Access to a computer with Microsoft PowerPoint or other compatible software is required. Headphones or earbuds may be needed if learning is occurring in a congregate environment or because of learner preference. This training requires no other special instructions, materials or supplies. The PowerPoint presentations can be easily uploaded to the school’s learning management system for assignment to learners.

Learning Objectives

Learning objectives are included in each case. These objectives also act as a “preview” for the content within the animated and interactive modules. The introduction has no learning objectives because it is a “definition of terms” module for frailty, sarcopenia, and frailty screening, diagnosis and management. These topics are specifically addressed within the learning objectives of the cases. There are 12 unique learning objectives. Some of the learning objectives appear in more than one case. This is intentional. It allows learners to apply their learning to a new clinical circumstance or a new domain of care. The learning objectives follow the statement, “After viewing this module, learners will be able to describe:” and are listed here by case:

Case 1: Mild Frailty

  • Frailty can be diagnosed using accepted criteria and available tools
  • Frailty can be managed with literature-based interventions that include exercise, nutritional support and optimized treatment of comorbid conditions

Case 2: Moderate Frailty and Falling

  • Frailty is a multifactorial illness with contributions from many domains of well-being: medical, psychological, social and functional
  • Frailty is often associated with a reduction in socialization that is often remediable with optimized care across all domains as well as care coordination
  • As is often the case in caring for patients with complex disease, it takes a team

Case 3: Frailty and Cognitive Symptoms

  • Frailty is a multifactorial illness with contributions from many domains of well-being: medical, psychological, social and functional
  • Frailty is often associated with cognitive deterioration that is often remediable with optimized care across all domains
  • As is often the case in caring for patients with complex disease, it takes a team

Case 4: Severe Frailty, Dependency and Palliative Care

  • Frailty is a multifactorial illness with contributions from many domains of well-being: medical, psychological, social and functional
  • Frailty is often associated with dependency and the need to recommend palliative care

Case 5: Frailty and Depression

  • Frailty is a multifactorial illness with contributions from many domains of well-being: medical, psychological, social and functional
  • Frailty is often associated with depression because both are common diseases
  • Depression can affect frailty by amplifying the symptoms of co-morbid conditions

Case 6: Frailty and Major Neurocognitive Disorder

  • Frailty is a multifactorial illness with contributions from many domains of well-being: medical, psychological, social and functional
  • Frailty coexisting with cognitive impairment need to be recognized early because of their mutual deleterious impact on function
  • As is often the case in caring for patients with complex disease, it takes a team

Case 7: Frailty and Cancer

  • Frailty is a multifactorial illness with contributions from many domains of well-being: medical, psychological, social and functional
  • The need to customized cancer care in frail patients based on comorbidities, function and prognosis
  • The importance of the social domain in care planning for patients with frailty and cancer
  • As is often the case in caring for patients with complex disease, it takes a team

Evaluation

During this curriculum evaluation, we used identical pre- and post-tests, containing seven questions with twenty correct answers, to measure learning.
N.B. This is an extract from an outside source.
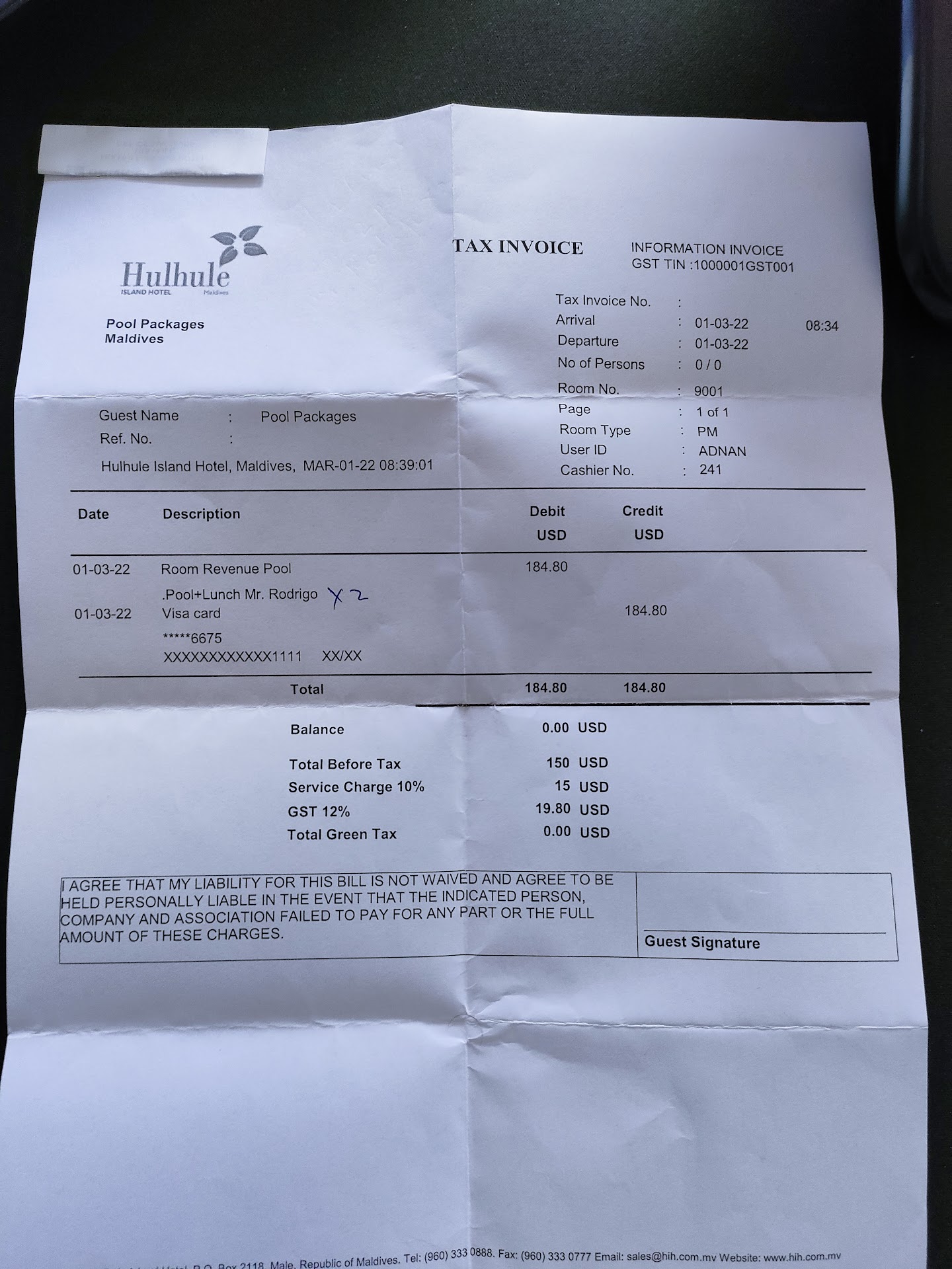 Read moreVERY VERY DANGEROUS PLACE ! Please all be careful and better avoid to go there! First of all the most awful service in Maldives with uneducated Indian waiters who cheat with the bills and money! Especially waiter KUMAR! We ordered a bottle of wine and after we finished it we paid and left! Then after 15 min we were walking across the place again and suddenly another waiter stopped us and said we didn't pay anything! Then their Supervisor came and F&B manager KK who was very very rude and very unprofessional and didn't solve the problem, he just said sorry it was not posted and u have to pay twice! We were shocked! The F&B manager doesn't know what is going in his place and moreover he was so rude to us that we thought he would start to hit and fight! As per him cameras and system showed we didn't pay! It's a magic how professionally that waiter KUMAR cheated! Later we found the way how he did it: : these waiters collect the old bills from previous guests (which usually people never take) and then they save it - later when there is a another customer comes with the same common bill amount - waiter just presents already existing old bill and customer pays it! That's how their waiters avoid to put it to the system and just takes the money! There is a great MAFIA working in that place without any service and any professionalism! We have been so many places in Maldives but this is the most hobble and dangerous one! Dear GM, please kindly look at this matter which happens...

This pre-/post-test is available upon request. All questions were effective in discriminating an increase in learning. Learner comments on content, presentation and usability of the modules were overwhelmingly positive.

Use of These Modules

These modules are free for use for all teachers, instructors and trainers. They can be used as produced and be incorporated into an existing curriculum, in part or in full. When these frailty modules are used or included in another curriculum, questions from the pre-/post-test may be adapted for assessments of students’ learning. As with all student assessments, these questions would likely require revision after several years of use. If adapted versions of this curriculum, or parts of this curriculum, are published, attribution to original authors must be included and these new materials must be equally accessible to teachers, instructors and trainers as are the original materials. These materials may not be used or adapted for commercial purposes. (See Creative Commons criteria: CC BY-NC-SA [Attribution-NonCommercial-ShareAlike]).

Date posted: 
Wed, 08/11/2021
Date Submitted or Reviewed/Updated for Clinical Accuracy: 
Wed, 06/09/2021
Contact Person/Corresponding Author:



Suggested Citation:
Frailty Interactive Cases and A Facilitator’s Guide. POGOe - Portal of Geriatrics Online Education; 2021 Available from: https://pogoe.org/taxonomy/term/107

Office - Based Geriatrics Assessment

:  
Date Posted: 
12/31/1969
Date Reviewed/Updated for Clinical Accuracy: 
12/31/1969
Product Information
Estimated time to complete: 
1
Abstract: 

The geriatric assessment is a multidimensional, multidisciplinary assessment designed to evaluate an older person’s functional ability, physical health, cognition and mental health, and socioenvironmental circumstances. It is usually performed when the medical provider identifies a potential problem with the older adult patient. This holistic evaluation includes nutrition, vision, hearing, fecal and urinary continence, and balance. The geriatric assessment model has been studied in the home, inpatient and ambulatory care settings and there is evidence that it aids in the diagnosis of medical conditions; development of treatment and follow-up plans; coordination of management of care; and evaluation of long-term care needs and optimal placement.

Educational objectives: 
›Understand how to assess a new complex older patient in the office
›Understand the importance of overall function, including activities of daily living (ADL and IADL)
›Discuss validated tools for depression and cognitive assessment
›Discuss medication review
Date posted: 
Wed, 08/11/2021
Date Submitted or Reviewed/Updated for Clinical Accuracy: 
Fri, 05/07/2021
Contact Person/Corresponding Author:



Suggested Citation:
Office - Based Geriatrics Assessment. POGOe - Portal of Geriatrics Online Education; 2021 Available from: https://pogoe.org/taxonomy/term/107

Simulation Curriculum for Geriatric Medicine Fellows

:  
Date Posted: 
12/31/1969
Date Reviewed/Updated for Clinical Accuracy: 
12/31/1969
Product Information
Estimated time to complete: 
999
Abstract: 

This material consists of a suite of nine simulated clinical cases, divided into three separate sessions of three cases each, intended to be conducted in a simulation center with simulated patients.  Cases are designed to teach geriatric medicine fellows and other appropriate learners basic geriatric assessment skills (Session one), how to navigate difficult situations in long-term care (Session two), and high-level communication skills in palliative and end-of-life care (Session three).  Each case consists of a multi-page document outlining scripts for the learner as well as the roles (patient, family member, facility staff, etc) portrayed by actors, necessary props and supporting materials, and instructions for evaluating and debriefing the learner.  Also contained in each document are Entrustable Professional Activities (EPA), Curricular Milestones (CM), and Reporting Milestones (RM) relevant to the case.

Educational objectives: 

- Efficiently and effectively assess and manage common geriatric syndromes in a variety of clinical settings.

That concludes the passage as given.